**Data shown:**

######

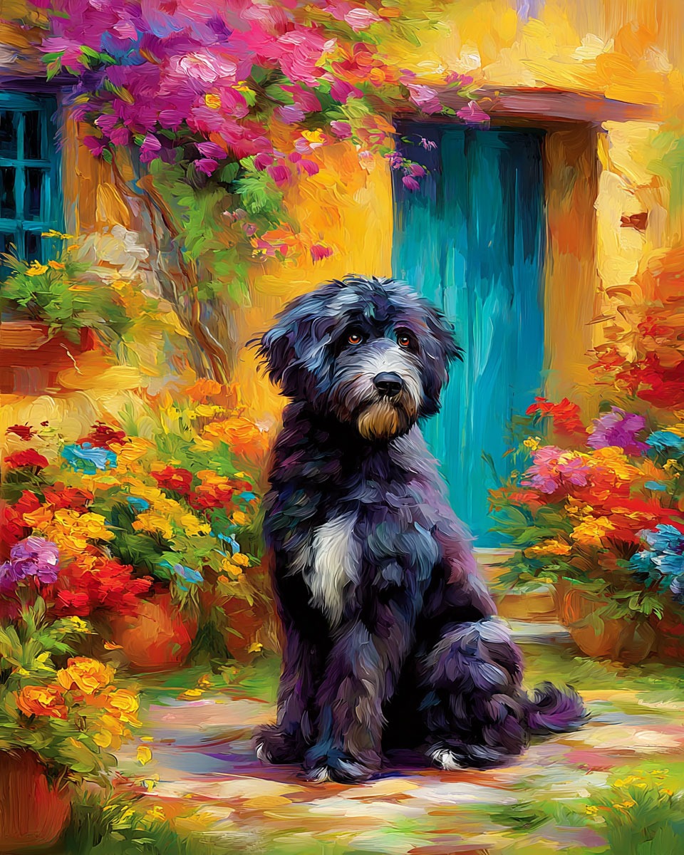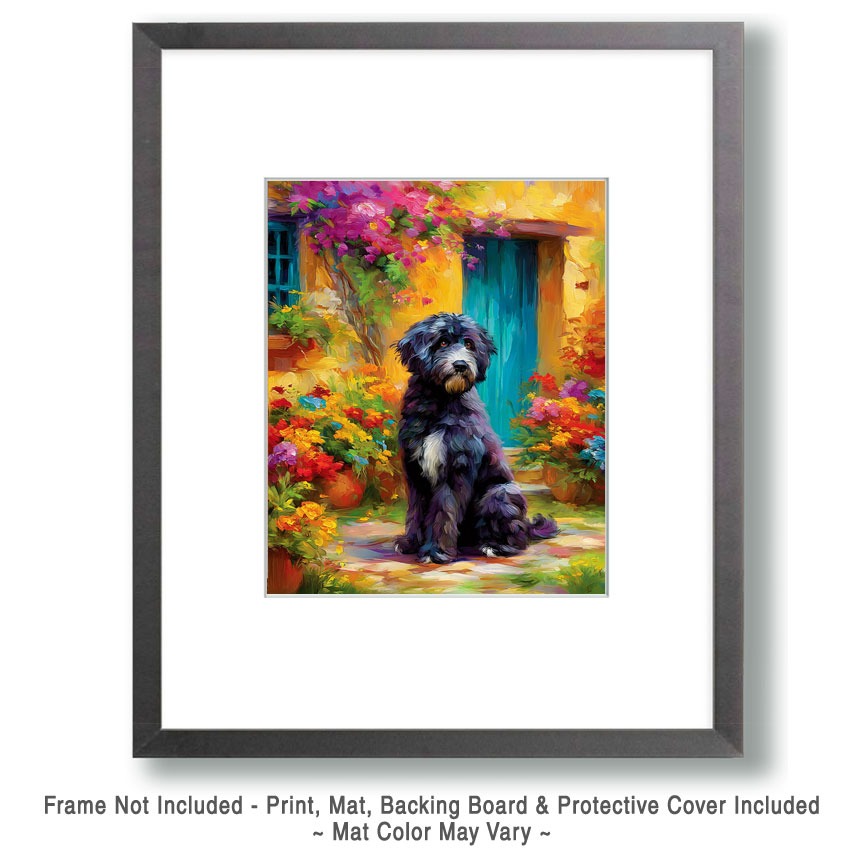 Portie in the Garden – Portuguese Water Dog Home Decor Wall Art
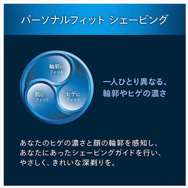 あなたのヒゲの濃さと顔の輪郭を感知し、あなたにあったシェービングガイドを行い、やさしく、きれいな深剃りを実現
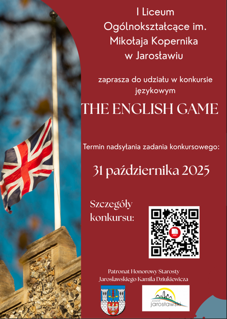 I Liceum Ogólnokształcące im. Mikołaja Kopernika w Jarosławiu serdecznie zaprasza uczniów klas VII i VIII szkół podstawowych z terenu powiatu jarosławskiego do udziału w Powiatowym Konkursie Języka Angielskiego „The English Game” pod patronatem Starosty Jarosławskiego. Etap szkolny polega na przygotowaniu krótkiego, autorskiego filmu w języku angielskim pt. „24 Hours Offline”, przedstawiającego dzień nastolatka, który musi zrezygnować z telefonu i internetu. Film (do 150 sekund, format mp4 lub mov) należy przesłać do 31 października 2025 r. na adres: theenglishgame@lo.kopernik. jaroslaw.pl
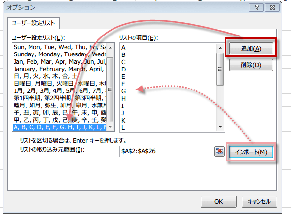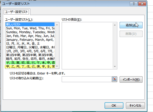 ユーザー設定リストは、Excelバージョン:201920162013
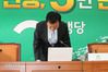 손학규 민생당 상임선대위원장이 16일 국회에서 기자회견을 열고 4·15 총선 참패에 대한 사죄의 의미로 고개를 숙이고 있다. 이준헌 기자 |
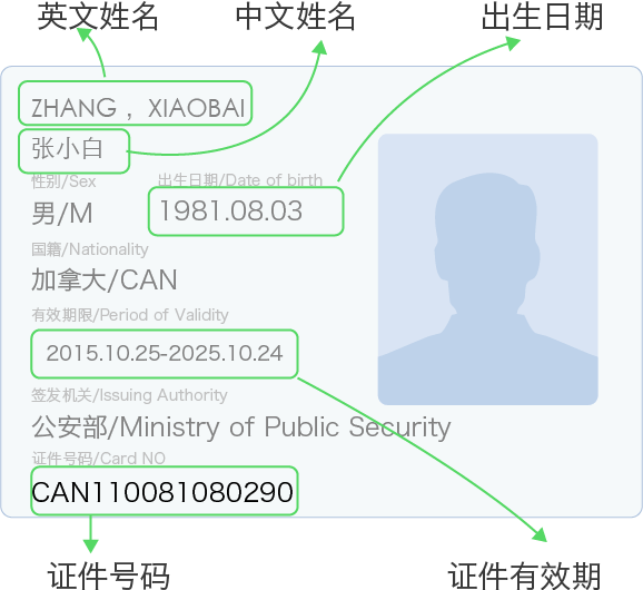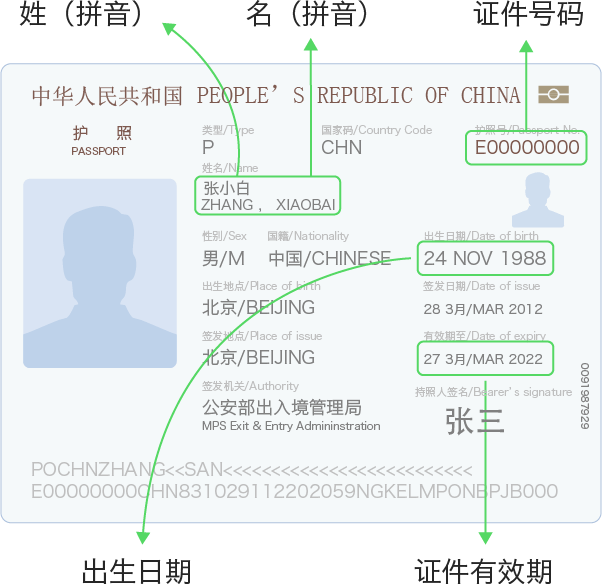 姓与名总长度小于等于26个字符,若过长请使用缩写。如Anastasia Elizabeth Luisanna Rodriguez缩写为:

######

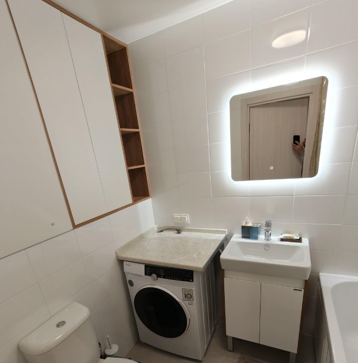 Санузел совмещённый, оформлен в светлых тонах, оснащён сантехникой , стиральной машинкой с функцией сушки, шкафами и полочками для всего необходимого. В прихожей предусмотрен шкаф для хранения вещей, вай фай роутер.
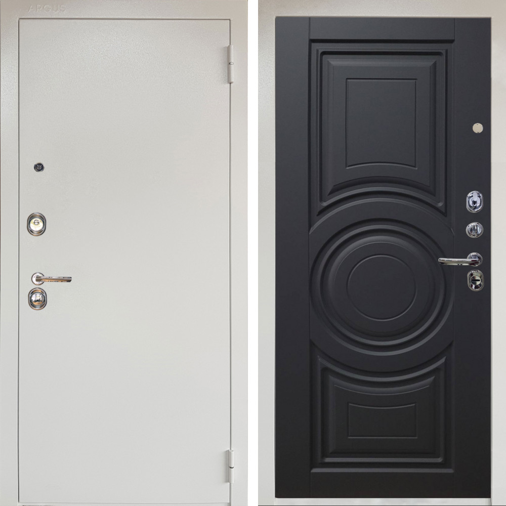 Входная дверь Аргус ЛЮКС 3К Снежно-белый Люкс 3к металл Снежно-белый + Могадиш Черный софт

######

**About this exercise:** Although pictures appear among the entries, please set down only the lines from the one with "I Liceum Ogólnokształcące" up to and including the one with "ユーザー設定リストは、Excelバージョン:201920162013", word for word.

**Answer to the exercise:**
 I Liceum Ogólnokształcące im. Mikołaja Kopernika w Jarosławiu serdecznie zaprasza uczniów klas VII i VIII szkół podstawowych z terenu powiatu jarosławskiego do udziału w Powiatowym Konkursie Języka Angielskiego „The English Game” pod patronatem Starosty Jarosławskiego. Etap szkolny polega na przygotowaniu krótkiego, autorskiego filmu w języku angielskim pt. „24 Hours Offline”, przedstawiającego dzień nastolatka, który musi zrezygnować z telefonu i internetu. Film (do 150 sekund, format mp4 lub mov) należy przesłać do 31 października 2025 r. na adres: theenglishgame@lo.kopernik. jaroslaw.pl
 ユーザー設定リストは、Excelバージョン:201920162013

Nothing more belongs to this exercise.